⚠️ Important information on emergency preparedness
This guide is intended solely to provide general information on emergency preparedness. It is not a substitute for professional advice from qualified personnel.
Act immediately in an emergency: always try to reach the emergency number 112. You can find official recommendations at the BBK. Last reviewed: June 2026.
The Federal Office for Civil Protection and Disaster Assistance (BBK) recommends that every household in Germany maintain an emergency supply for at least 10 days. Most people have: none of this. Not every food item is suitable for an emergency supply. Anyone who simply fills their fridge will have a problem after a 24-hour power cut. Anyone who stocks up on packet soups will realise in an emergency: you need boiling water — not electricity.
But it’s not complicated at all. You don’t need to be a prepper or set up a stockpile in the cellar. In this article, I’ll show you exactly what you need, how much of it, and the quickest way to get started — without spending a lot of money.
| Pillar / Area | Critical challenge | Key measure | Wolf’s unvarnished verdict |
|---|---|---|---|
| 1. Water supply | Minimum requirements are drastically underestimated. | Store at least 2 litres per person per day for 14 days + keep a water filter to hand. | “You need more than you think — and you need a filter, not just bottles.” |
| 2. Food | Wrong choice of products: many require cooking or water. | Prioritise high-energy dried food with a long shelf life that requires no preparation. | “Don’t buy packet soup without a camping stove. Think in terms of calories, not portions.” |
| 3. Rotation & storage | Stocks are built up and then forgotten. | Introduce a FIFO system, store in a cool, dark place, and mark expiry dates. | “An emergency supply you never touch becomes hazardous waste after 3 years.” |
Why you should start now
A power cut, a storm, a supply chain crisis — the reasons for an empty supermarket can arise faster than you think. In Germany, there have been several regional supply shortages in the last five years alone.
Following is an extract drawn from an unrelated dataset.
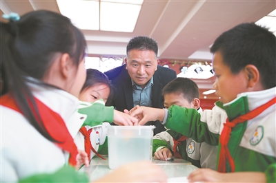 其實,小學科學課是一門多學科、多內容的綜合性課程,想要上好它,頗費心思。劉晉斌每年觀摩課堂教學不下百節,常常為青年教師進行課堂教學復盤,也會做公開教學。他向記者描述了一節好課的模樣——它有趣、生動,層層遞進,抽絲剝繭;它要符合學生所處年齡段的認知特點,也要關注學生在課堂上思維的發展;它要讓學生觀察、提問、探索、動手、討論,要調動和滿足他們的好奇心;整堂課的歷程,要曲徑通幽,最終也要柳暗花明。

In an emergency, it’s too late. The shelves are empty, the cash machines aren’t working, and your neighbours have the same problem as you.
Building an emergency stockpile costs you just a few hours and a few hundred euros — and gives you real peace of mind in return.
The 4 criteria for good emergency food supplies
- Long shelf life: at least 1 year, preferably 3–5 years
- High in calories: You need energy, not just volume
- Little preparation: Ideally ready to eat or requiring only brief heating
- You’d eat them anyway: No special foods that end up in the bin after the blackout
Step 1: Calculate your requirements
As a general rule: 2,000–2,500 kcal per person per day for an adult. Plus at least 2 litres of water per person per day (for drinking only — more for cooking and hygiene).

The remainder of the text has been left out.